- **Task instructions**: When you transcribe the data below, reproduce every line exactly and leave each picture out.

- **Dataset section**:
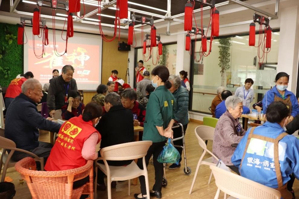 5月18日,在爺爺奶奶們熱忱的期盼中銀海倆寶貝第二屆雀神爭(zhēng)霸賽拉開了帷幕。一大早,其他各銀海倆寶貝長(zhǎng)者照護(hù)之家的參賽人員匯聚在唐興寺社區(qū)銀海倆寶貝長(zhǎng)者康養(yǎng)中心。在經(jīng)過貼序號(hào)牌、抽簽、簽名和留影環(huán)節(jié)后,參賽人員入座,每人分發(fā)20元幸福幣。
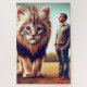 Este quebra-cabeça de fantasia tem um gatinho grande e um homem fotografado nele.
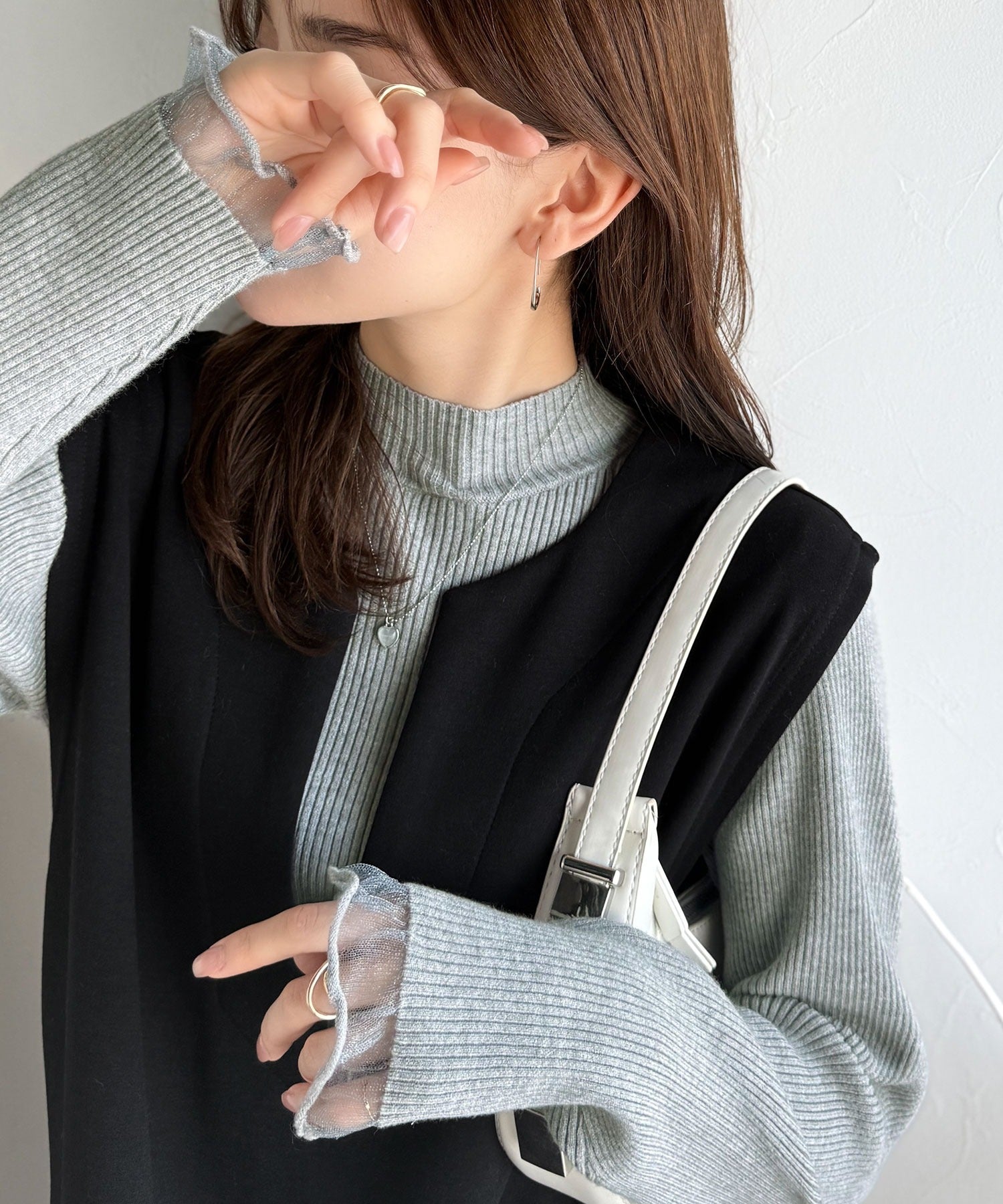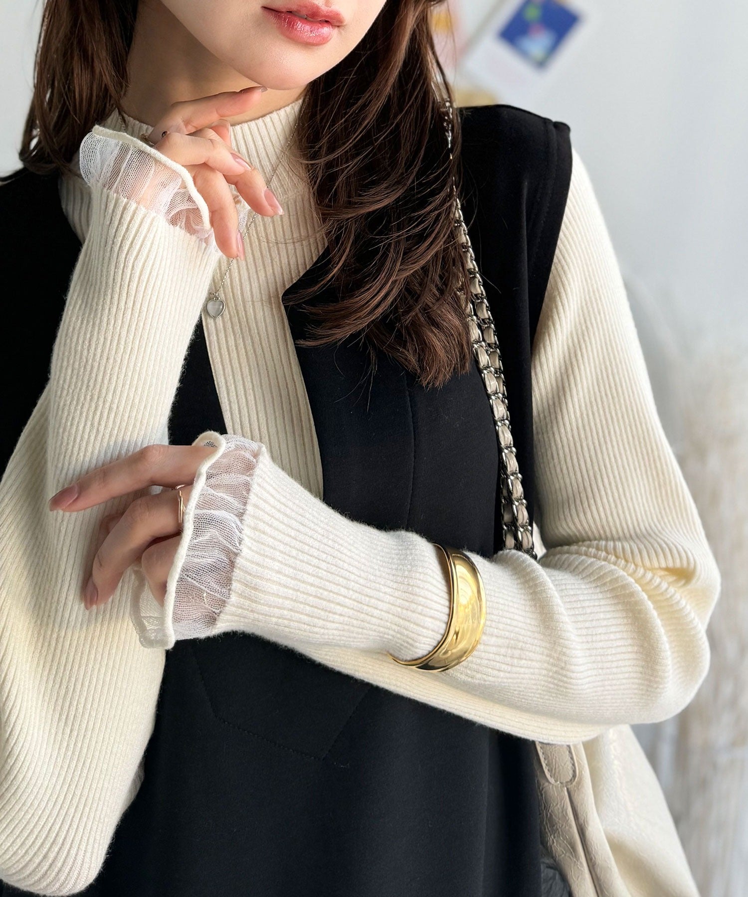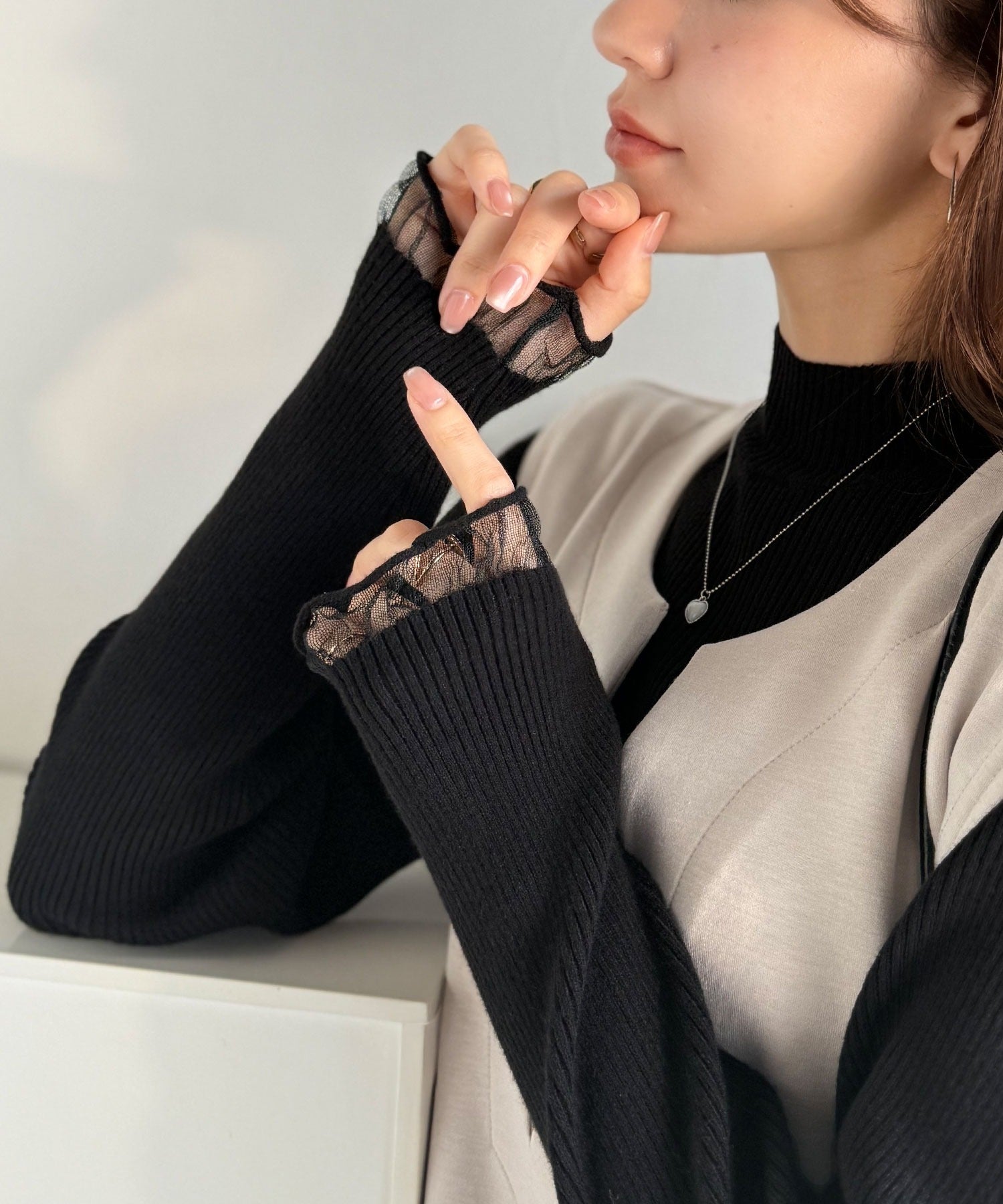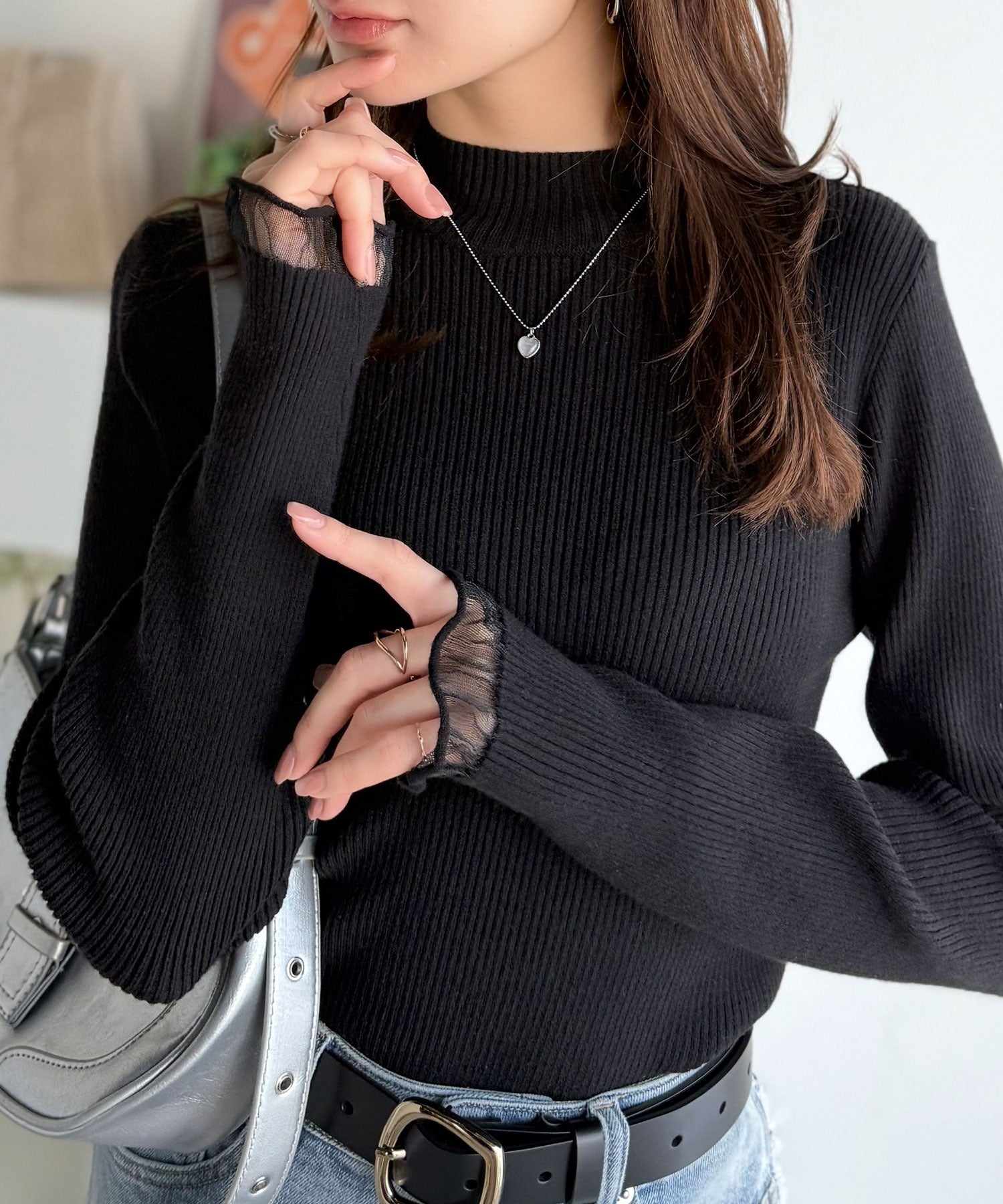 《daaco×クラシカルエルフコラボ》袖先がフェミニンなアクセントに。プチハイネック袖シアーリブニット ce1010513

- **Expected answer**:
 5月18日,在爺爺奶奶們熱忱的期盼中銀海倆寶貝第二屆雀神爭(zhēng)霸賽拉開了帷幕。一大早,其他各銀海倆寶貝長(zhǎng)者照護(hù)之家的參賽人員匯聚在唐興寺社區(qū)銀海倆寶貝長(zhǎng)者康養(yǎng)中心。在經(jīng)過貼序號(hào)牌、抽簽、簽名和留影環(huán)節(jié)后,參賽人員入座,每人分發(fā)20元幸福幣。
 Este quebra-cabeça de fantasia tem um gatinho grande e um homem fotografado nele.
 《daaco×クラシカルエルフコラボ》袖先がフェミニンなアクセントに。プチハイネック袖シアーリブニット ce1010513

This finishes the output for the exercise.